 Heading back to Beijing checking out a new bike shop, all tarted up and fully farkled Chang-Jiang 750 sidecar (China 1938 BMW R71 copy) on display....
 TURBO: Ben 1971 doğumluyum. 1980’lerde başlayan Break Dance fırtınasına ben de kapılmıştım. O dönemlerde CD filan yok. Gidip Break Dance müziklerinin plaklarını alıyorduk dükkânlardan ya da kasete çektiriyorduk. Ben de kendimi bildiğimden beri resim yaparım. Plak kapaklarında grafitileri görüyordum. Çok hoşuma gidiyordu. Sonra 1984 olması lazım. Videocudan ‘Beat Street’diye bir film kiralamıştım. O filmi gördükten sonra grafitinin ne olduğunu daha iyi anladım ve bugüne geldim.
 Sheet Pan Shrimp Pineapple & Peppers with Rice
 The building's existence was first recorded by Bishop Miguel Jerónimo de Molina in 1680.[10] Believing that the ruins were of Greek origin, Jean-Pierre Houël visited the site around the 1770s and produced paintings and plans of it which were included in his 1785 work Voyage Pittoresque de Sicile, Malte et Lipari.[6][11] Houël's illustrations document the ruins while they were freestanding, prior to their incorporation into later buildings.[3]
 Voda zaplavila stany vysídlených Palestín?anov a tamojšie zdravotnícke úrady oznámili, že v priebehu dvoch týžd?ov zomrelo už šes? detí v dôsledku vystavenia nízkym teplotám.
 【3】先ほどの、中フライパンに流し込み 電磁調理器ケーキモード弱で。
::::::::::
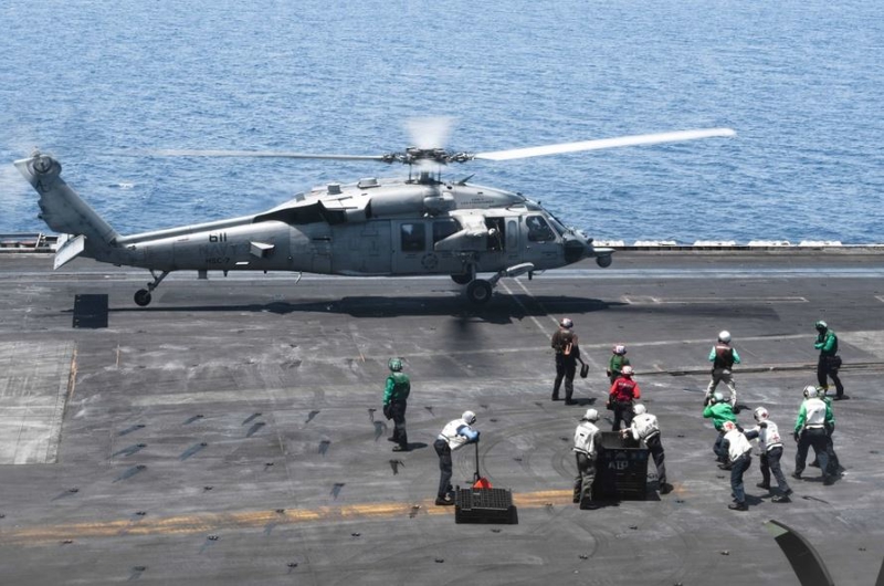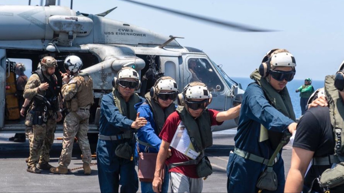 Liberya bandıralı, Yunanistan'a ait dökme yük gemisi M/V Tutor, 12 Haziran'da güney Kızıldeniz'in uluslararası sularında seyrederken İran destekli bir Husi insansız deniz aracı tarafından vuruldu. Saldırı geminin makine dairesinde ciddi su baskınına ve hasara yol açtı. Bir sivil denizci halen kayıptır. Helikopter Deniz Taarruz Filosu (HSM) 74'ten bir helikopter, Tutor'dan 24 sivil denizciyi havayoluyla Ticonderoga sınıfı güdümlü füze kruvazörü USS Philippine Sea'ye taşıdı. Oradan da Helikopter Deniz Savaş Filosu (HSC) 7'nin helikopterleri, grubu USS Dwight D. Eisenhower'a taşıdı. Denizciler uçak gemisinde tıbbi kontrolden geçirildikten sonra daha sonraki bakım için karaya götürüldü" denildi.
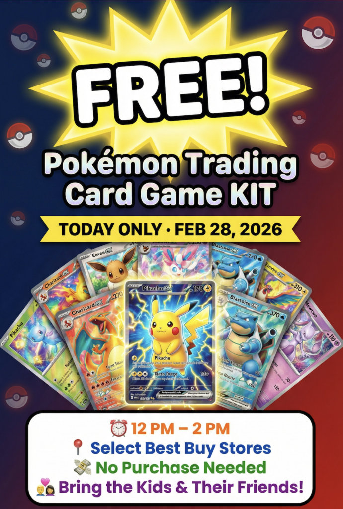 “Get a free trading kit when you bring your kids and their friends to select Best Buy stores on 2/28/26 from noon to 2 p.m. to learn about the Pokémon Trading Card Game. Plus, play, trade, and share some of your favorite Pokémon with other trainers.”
::::::::::
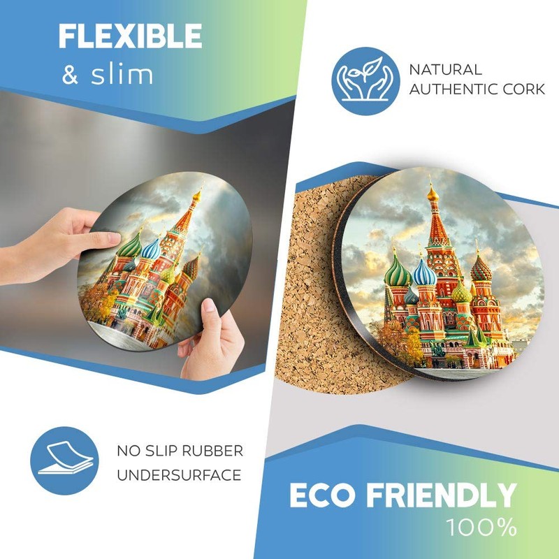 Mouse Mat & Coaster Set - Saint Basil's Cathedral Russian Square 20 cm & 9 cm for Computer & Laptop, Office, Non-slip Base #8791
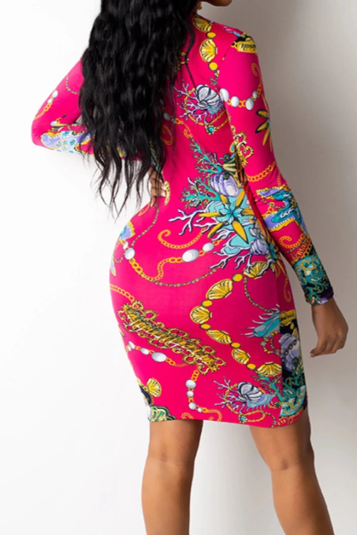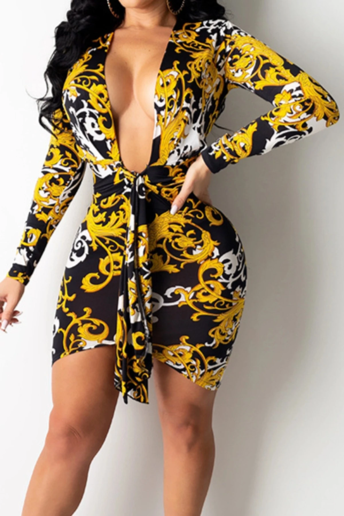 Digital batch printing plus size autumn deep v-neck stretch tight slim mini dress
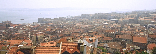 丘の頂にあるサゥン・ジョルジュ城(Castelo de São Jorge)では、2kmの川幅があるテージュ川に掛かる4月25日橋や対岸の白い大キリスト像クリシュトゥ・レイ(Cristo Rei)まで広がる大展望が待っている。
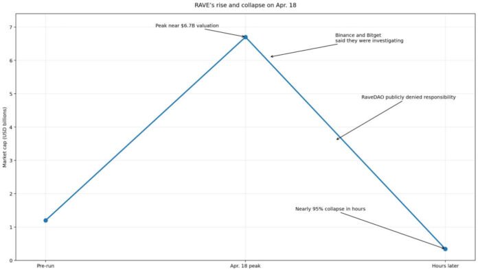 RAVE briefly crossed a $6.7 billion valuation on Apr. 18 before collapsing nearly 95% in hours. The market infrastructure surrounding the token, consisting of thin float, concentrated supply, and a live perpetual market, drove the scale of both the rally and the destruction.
::::::::::
* _Exercise instructions_: Write out exactly the lines that fall from the line with "The building's existence" to the line with "Voda zaplavila stany" in the records above, keeping both ends.

* _Exercise response_:
 The building's existence was first recorded by Bishop Miguel Jerónimo de Molina in 1680.[10] Believing that the ruins were of Greek origin, Jean-Pierre Houël visited the site around the 1770s and produced paintings and plans of it which were included in his 1785 work Voyage Pittoresque de Sicile, Malte et Lipari.[6][11] Houël's illustrations document the ruins while they were freestanding, prior to their incorporation into later buildings.[3]
 Voda zaplavila stany vysídlených Palestín?anov a tamojšie zdravotnícke úrady oznámili, že v priebehu dvoch týžd?ov zomrelo už šes? detí v dôsledku vystavenia nízkym teplotám.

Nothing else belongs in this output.